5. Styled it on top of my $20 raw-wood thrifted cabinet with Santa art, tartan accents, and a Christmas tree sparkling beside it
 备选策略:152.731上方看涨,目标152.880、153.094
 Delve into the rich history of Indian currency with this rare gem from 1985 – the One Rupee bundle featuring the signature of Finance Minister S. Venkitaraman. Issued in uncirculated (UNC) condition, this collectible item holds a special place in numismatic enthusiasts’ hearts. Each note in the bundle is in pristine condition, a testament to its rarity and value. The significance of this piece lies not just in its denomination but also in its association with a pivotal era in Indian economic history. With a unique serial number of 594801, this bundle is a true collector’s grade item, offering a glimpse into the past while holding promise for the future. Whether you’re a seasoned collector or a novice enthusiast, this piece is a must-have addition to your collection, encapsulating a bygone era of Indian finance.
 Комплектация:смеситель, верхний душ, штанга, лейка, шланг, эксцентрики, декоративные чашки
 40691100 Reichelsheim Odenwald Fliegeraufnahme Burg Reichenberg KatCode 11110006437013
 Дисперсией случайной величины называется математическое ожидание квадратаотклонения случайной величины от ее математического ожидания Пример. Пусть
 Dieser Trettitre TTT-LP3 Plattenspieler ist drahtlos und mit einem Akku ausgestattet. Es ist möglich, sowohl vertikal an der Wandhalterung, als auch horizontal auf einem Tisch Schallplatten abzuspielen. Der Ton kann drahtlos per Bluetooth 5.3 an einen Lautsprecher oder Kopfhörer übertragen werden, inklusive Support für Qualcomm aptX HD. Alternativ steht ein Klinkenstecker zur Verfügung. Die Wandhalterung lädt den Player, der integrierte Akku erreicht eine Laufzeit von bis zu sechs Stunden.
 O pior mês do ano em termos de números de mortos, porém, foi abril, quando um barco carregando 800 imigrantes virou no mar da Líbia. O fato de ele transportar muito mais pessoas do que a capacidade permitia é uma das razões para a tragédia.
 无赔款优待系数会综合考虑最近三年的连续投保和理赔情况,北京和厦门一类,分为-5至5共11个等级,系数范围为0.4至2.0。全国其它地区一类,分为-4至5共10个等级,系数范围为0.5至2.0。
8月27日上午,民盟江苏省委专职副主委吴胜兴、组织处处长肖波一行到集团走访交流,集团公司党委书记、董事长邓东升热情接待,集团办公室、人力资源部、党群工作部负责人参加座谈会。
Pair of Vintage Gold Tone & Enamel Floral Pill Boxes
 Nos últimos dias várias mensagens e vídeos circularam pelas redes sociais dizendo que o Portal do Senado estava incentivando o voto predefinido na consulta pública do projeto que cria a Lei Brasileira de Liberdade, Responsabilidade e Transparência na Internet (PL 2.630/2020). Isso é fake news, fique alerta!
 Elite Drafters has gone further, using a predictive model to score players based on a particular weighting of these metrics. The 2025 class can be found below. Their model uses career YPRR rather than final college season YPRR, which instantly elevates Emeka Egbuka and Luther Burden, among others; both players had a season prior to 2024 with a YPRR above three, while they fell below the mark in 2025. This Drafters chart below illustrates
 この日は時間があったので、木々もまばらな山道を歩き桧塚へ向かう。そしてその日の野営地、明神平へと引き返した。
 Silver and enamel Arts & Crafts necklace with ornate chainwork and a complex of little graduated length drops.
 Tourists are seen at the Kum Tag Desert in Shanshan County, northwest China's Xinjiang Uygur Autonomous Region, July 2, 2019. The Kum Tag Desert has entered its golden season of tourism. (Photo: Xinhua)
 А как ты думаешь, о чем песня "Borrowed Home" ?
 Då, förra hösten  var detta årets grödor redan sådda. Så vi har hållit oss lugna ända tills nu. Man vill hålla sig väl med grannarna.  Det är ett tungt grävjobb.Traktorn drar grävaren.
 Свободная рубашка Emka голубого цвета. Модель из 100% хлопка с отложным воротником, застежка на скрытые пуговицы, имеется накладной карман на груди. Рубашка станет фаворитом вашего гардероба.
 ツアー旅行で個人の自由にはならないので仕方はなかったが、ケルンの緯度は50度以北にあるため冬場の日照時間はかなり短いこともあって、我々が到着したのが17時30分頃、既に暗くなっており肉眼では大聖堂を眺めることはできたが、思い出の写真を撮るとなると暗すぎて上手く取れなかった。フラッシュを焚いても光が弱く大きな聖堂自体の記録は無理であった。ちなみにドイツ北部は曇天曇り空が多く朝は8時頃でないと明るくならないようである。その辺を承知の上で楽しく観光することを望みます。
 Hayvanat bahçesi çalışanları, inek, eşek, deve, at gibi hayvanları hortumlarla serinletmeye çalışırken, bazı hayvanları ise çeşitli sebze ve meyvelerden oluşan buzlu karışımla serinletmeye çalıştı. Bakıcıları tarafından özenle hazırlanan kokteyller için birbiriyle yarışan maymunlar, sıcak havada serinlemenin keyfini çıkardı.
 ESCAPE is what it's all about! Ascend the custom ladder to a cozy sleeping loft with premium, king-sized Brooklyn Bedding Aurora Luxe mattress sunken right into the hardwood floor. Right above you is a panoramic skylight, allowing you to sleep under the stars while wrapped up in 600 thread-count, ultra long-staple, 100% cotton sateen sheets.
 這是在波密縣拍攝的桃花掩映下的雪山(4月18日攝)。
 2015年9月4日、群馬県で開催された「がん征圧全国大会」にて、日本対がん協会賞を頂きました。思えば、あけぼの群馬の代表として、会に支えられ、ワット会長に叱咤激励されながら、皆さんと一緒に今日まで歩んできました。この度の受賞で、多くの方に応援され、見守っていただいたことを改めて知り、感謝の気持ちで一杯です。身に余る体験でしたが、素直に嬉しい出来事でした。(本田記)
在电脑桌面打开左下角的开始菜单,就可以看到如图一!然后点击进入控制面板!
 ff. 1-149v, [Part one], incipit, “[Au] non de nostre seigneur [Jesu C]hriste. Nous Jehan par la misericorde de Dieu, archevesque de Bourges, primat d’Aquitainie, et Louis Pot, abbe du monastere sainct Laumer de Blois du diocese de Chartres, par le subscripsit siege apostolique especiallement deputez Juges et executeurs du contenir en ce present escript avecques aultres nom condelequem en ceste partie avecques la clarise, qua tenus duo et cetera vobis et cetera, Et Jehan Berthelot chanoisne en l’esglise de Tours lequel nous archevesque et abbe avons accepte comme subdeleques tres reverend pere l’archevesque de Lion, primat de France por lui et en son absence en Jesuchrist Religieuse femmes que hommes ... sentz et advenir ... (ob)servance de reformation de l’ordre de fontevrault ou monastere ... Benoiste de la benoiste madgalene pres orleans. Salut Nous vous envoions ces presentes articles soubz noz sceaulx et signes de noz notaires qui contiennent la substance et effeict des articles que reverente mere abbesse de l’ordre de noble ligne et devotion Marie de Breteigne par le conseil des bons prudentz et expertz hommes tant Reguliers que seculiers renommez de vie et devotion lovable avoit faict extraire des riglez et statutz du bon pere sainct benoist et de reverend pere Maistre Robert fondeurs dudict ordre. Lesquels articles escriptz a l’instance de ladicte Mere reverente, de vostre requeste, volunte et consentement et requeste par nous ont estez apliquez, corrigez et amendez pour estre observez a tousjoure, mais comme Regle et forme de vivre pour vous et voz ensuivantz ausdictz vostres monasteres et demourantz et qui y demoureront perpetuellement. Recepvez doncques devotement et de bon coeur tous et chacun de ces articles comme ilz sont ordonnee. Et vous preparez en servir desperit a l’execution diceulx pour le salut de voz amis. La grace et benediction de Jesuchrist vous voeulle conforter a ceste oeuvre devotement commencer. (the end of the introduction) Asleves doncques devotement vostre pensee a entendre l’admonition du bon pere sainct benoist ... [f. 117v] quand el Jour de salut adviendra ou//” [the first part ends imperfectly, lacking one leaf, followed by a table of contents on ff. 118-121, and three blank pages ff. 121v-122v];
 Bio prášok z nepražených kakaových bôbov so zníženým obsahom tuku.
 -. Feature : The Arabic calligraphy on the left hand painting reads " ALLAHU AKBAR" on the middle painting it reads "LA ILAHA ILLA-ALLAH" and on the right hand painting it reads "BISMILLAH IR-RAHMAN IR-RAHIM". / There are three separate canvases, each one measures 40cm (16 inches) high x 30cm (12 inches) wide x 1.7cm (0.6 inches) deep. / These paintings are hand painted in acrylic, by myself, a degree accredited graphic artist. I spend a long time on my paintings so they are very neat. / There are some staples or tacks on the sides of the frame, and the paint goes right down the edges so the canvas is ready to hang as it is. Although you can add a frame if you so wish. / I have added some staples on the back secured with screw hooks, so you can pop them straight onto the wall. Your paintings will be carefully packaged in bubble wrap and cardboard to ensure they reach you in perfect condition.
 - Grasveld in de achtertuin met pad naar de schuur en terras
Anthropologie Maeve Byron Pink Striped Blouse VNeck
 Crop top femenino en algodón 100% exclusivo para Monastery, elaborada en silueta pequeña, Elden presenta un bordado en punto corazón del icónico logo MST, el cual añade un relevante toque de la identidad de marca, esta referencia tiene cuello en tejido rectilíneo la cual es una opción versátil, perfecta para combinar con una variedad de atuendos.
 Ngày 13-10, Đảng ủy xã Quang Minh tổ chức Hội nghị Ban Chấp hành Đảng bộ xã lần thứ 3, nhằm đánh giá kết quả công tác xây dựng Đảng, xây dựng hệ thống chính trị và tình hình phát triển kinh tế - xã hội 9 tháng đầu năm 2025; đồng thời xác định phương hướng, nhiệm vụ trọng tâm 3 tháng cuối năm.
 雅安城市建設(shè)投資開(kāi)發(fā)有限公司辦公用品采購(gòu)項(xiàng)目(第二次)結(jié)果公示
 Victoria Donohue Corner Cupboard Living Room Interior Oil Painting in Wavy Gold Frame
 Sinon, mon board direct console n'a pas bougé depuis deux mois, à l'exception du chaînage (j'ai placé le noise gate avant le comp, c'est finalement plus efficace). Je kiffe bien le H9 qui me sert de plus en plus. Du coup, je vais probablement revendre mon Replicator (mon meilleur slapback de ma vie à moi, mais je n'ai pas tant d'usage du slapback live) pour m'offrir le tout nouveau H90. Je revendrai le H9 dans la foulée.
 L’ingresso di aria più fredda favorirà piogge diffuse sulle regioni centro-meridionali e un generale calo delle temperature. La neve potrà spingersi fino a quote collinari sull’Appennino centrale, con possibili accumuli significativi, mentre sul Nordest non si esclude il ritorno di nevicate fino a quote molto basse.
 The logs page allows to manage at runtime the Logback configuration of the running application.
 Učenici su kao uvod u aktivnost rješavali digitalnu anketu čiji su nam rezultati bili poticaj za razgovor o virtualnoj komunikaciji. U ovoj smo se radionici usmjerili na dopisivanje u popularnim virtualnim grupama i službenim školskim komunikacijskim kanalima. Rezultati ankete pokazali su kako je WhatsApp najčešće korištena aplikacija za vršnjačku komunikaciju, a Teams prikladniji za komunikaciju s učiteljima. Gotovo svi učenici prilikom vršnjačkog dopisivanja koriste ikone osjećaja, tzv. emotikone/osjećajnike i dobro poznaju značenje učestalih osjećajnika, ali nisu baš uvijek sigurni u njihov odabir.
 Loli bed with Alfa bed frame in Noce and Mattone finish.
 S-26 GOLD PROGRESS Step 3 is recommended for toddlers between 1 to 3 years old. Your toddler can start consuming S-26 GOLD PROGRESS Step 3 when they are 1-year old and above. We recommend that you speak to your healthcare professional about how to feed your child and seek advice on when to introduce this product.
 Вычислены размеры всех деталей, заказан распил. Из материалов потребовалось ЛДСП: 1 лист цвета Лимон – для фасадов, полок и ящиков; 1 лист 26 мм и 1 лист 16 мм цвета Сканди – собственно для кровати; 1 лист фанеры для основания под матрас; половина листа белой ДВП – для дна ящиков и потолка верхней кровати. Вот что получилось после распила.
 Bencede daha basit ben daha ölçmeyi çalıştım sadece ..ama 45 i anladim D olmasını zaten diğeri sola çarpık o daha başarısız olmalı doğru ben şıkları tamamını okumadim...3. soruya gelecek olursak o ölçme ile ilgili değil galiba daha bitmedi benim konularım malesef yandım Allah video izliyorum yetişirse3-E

━━━━━━

**Task:** What are the lines above, starting at the one with "8月27日上午,民盟江苏省委" and ending at the one with "Nos últimos dias"? Give them again exactly, and only them.

**Written response:**
8月27日上午,民盟江苏省委专职副主委吴胜兴、组织处处长肖波一行到集团走访交流,集团公司党委书记、董事长邓东升热情接待,集团办公室、人力资源部、党群工作部负责人参加座谈会。
Pair of Vintage Gold Tone & Enamel Floral Pill Boxes
 Nos últimos dias várias mensagens e vídeos circularam pelas redes sociais dizendo que o Portal do Senado estava incentivando o voto predefinido na consulta pública do projeto que cria a Lei Brasileira de Liberdade, Responsabilidade e Transparência na Internet (PL 2.630/2020). Isso é fake news, fique alerta!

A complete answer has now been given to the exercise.